> _Task to carry out_: Write out nothing but the lines from the one containing "From the moment" through the last line below, both included, and without the pictures.

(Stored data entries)
################

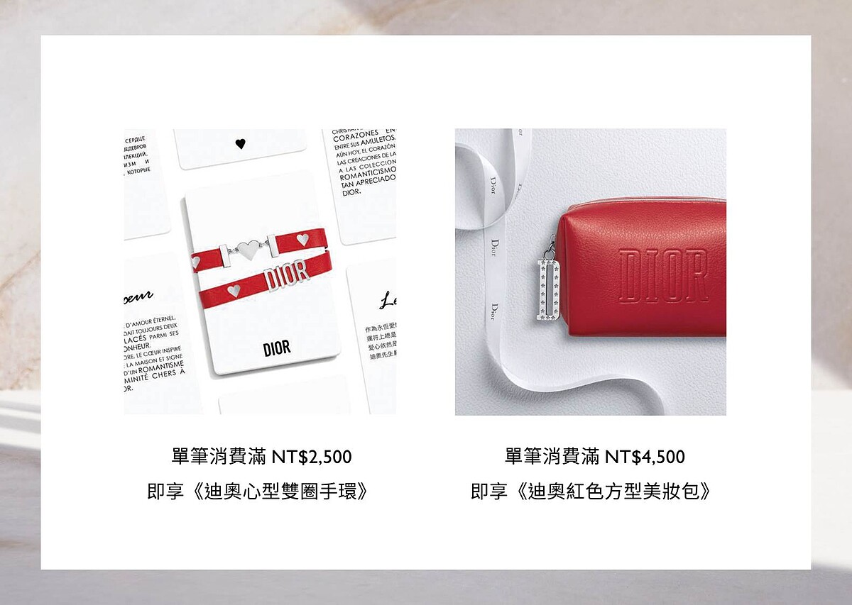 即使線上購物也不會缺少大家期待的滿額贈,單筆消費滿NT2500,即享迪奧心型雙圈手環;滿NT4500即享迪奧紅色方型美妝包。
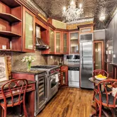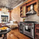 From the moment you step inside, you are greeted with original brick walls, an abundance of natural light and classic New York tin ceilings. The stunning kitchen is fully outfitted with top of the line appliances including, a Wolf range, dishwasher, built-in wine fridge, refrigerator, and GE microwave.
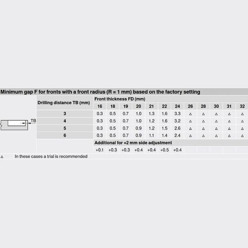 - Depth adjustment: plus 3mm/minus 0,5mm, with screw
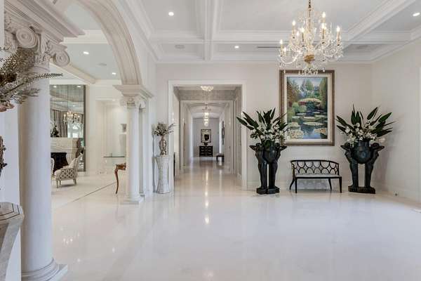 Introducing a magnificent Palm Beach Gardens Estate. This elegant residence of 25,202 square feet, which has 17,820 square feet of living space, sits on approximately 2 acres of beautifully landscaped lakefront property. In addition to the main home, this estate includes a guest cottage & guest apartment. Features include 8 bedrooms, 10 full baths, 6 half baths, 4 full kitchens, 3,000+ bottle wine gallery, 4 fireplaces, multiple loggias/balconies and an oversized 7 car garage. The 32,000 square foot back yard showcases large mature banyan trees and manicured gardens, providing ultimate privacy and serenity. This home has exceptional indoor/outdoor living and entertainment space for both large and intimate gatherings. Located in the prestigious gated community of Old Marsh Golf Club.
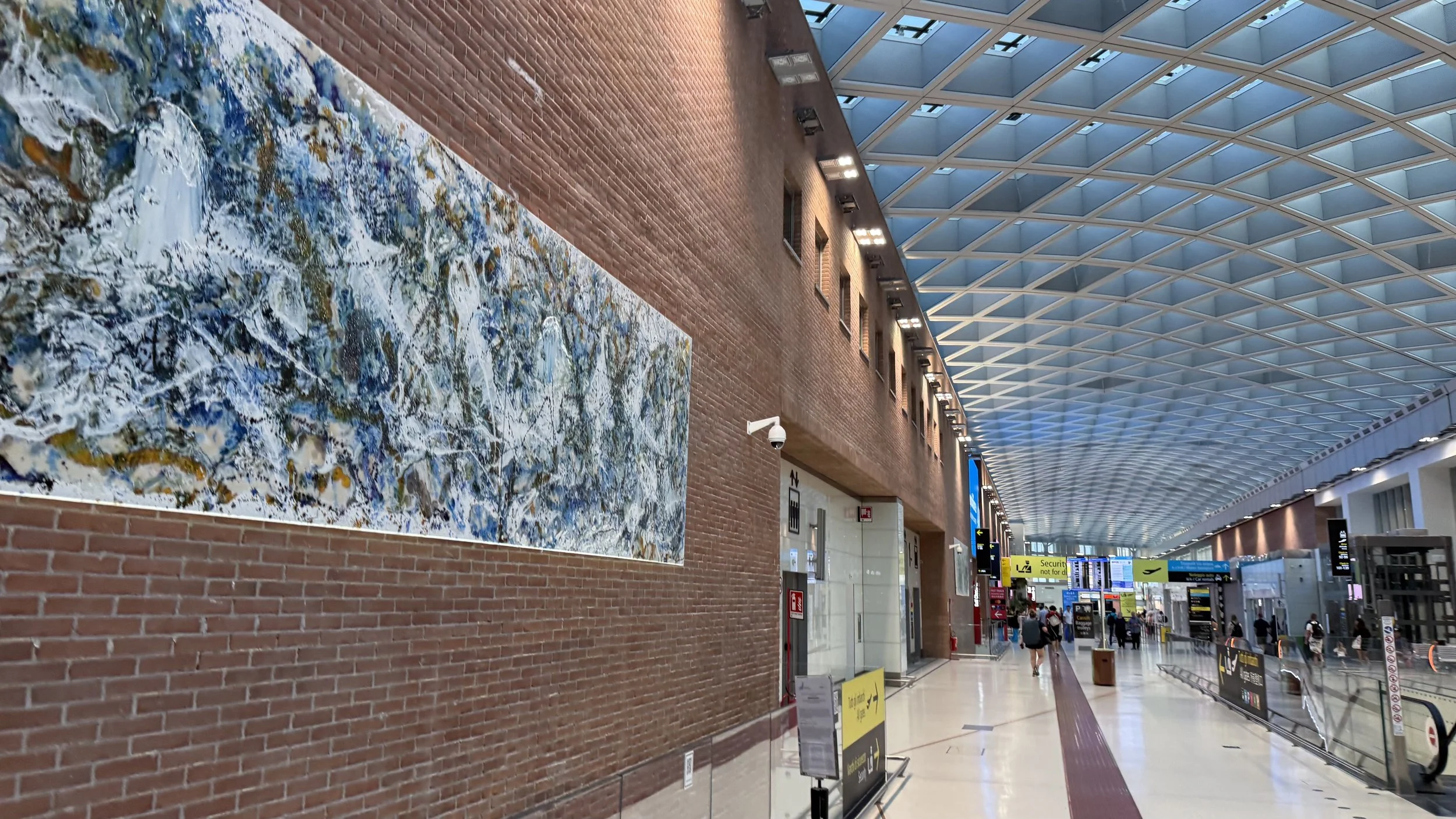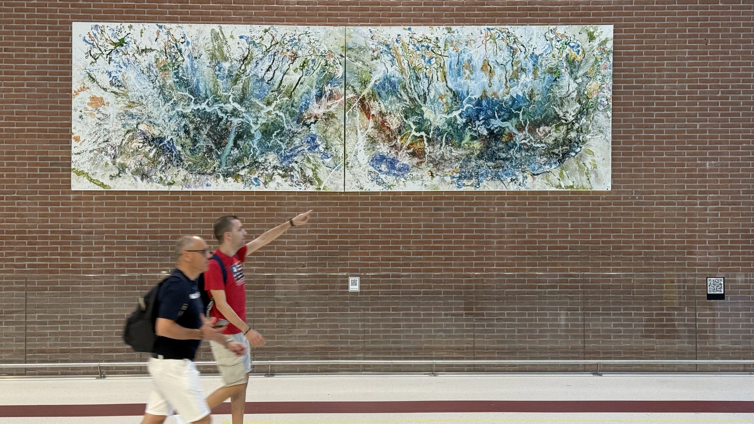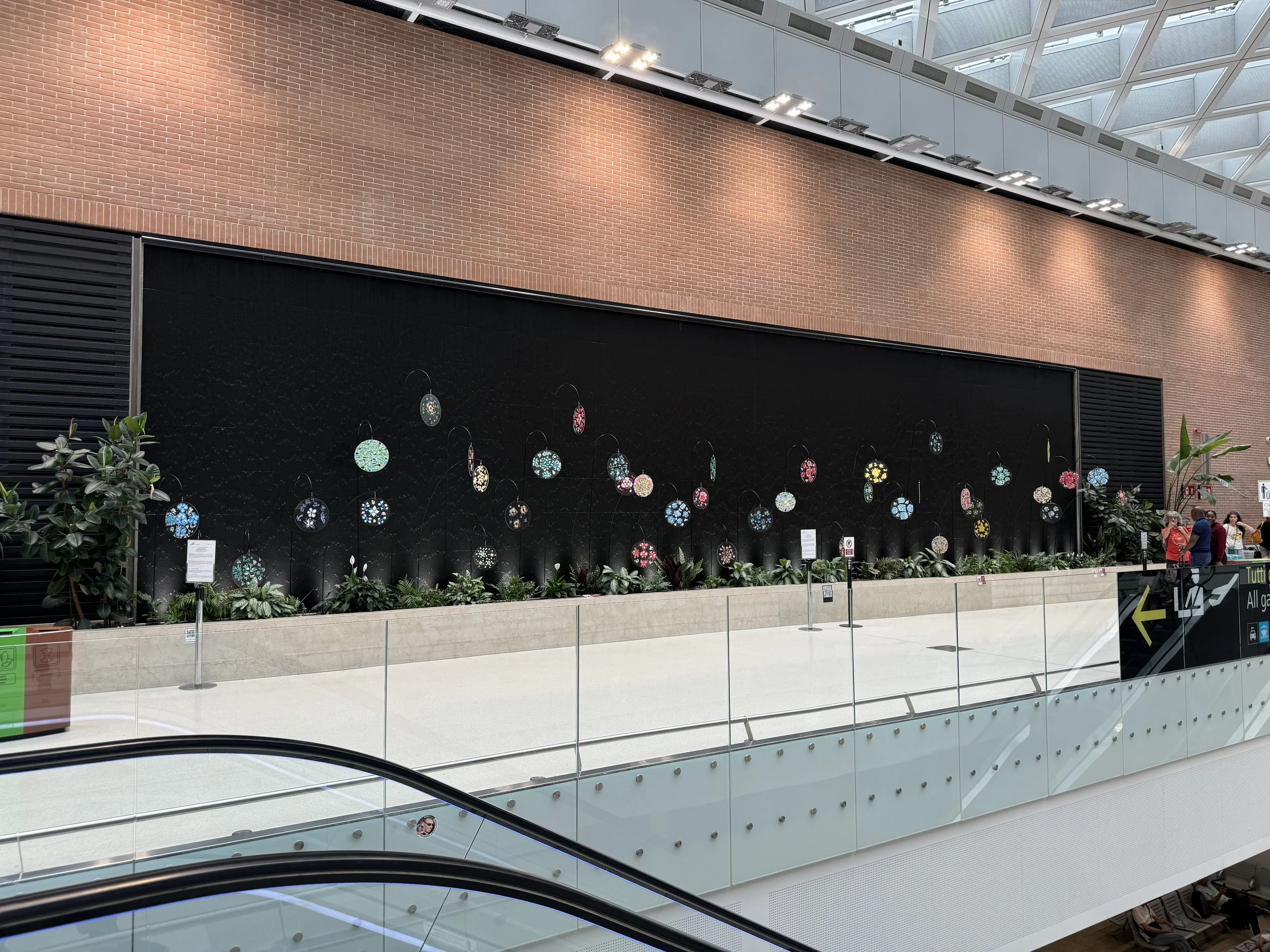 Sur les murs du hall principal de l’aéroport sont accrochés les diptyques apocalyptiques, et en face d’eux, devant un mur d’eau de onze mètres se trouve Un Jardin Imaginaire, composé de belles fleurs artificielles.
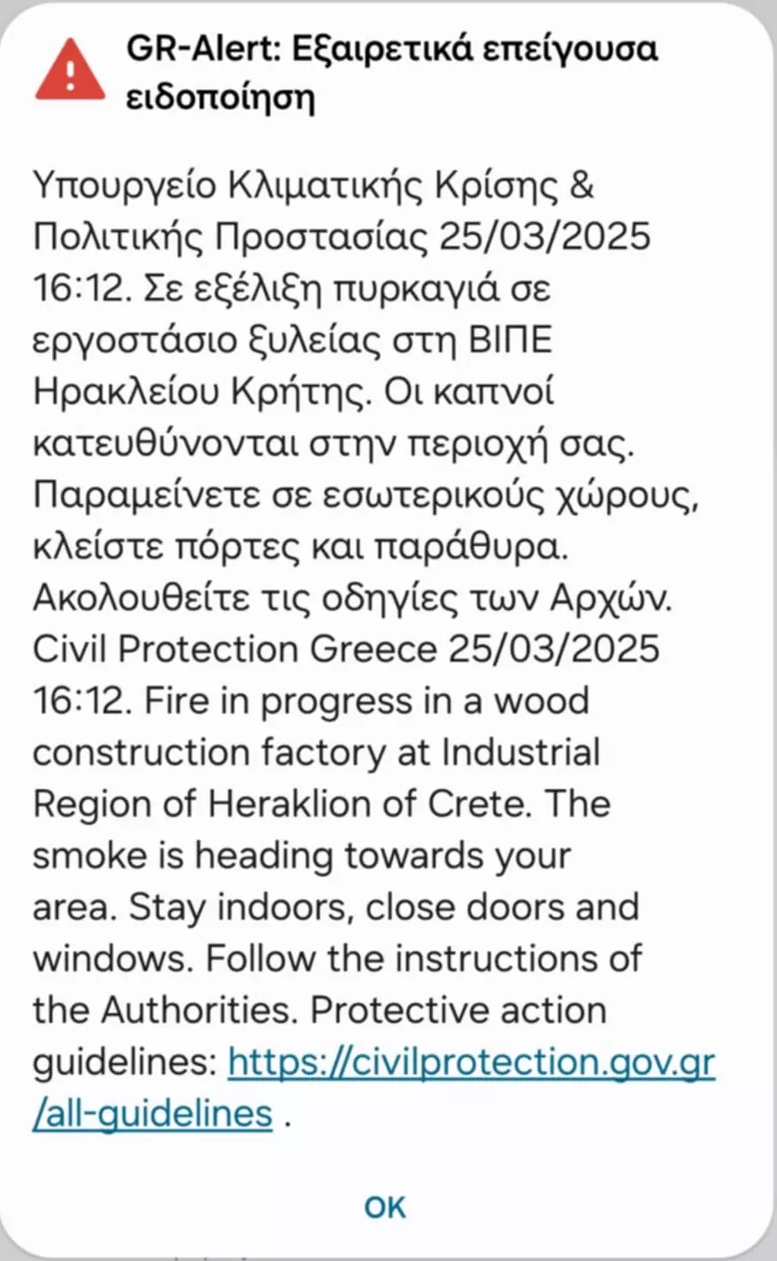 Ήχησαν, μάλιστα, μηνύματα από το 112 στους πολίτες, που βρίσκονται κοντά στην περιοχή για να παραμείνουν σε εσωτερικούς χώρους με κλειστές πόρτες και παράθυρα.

################

> _Result for this exercise_:
 From the moment you step inside, you are greeted with original brick walls, an abundance of natural light and classic New York tin ceilings. The stunning kitchen is fully outfitted with top of the line appliances including, a Wolf range, dishwasher, built-in wine fridge, refrigerator, and GE microwave.
 - Depth adjustment: plus 3mm/minus 0,5mm, with screw
 Introducing a magnificent Palm Beach Gardens Estate. This elegant residence of 25,202 square feet, which has 17,820 square feet of living space, sits on approximately 2 acres of beautifully landscaped lakefront property. In addition to the main home, this estate includes a guest cottage & guest apartment. Features include 8 bedrooms, 10 full baths, 6 half baths, 4 full kitchens, 3,000+ bottle wine gallery, 4 fireplaces, multiple loggias/balconies and an oversized 7 car garage. The 32,000 square foot back yard showcases large mature banyan trees and manicured gardens, providing ultimate privacy and serenity. This home has exceptional indoor/outdoor living and entertainment space for both large and intimate gatherings. Located in the prestigious gated community of Old Marsh Golf Club.
 Sur les murs du hall principal de l’aéroport sont accrochés les diptyques apocalyptiques, et en face d’eux, devant un mur d’eau de onze mètres se trouve Un Jardin Imaginaire, composé de belles fleurs artificielles.
 Ήχησαν, μάλιστα, μηνύματα από το 112 στους πολίτες, που βρίσκονται κοντά στην περιοχή για να παραμείνουν σε εσωτερικούς χώρους με κλειστές πόρτες και παράθυρα.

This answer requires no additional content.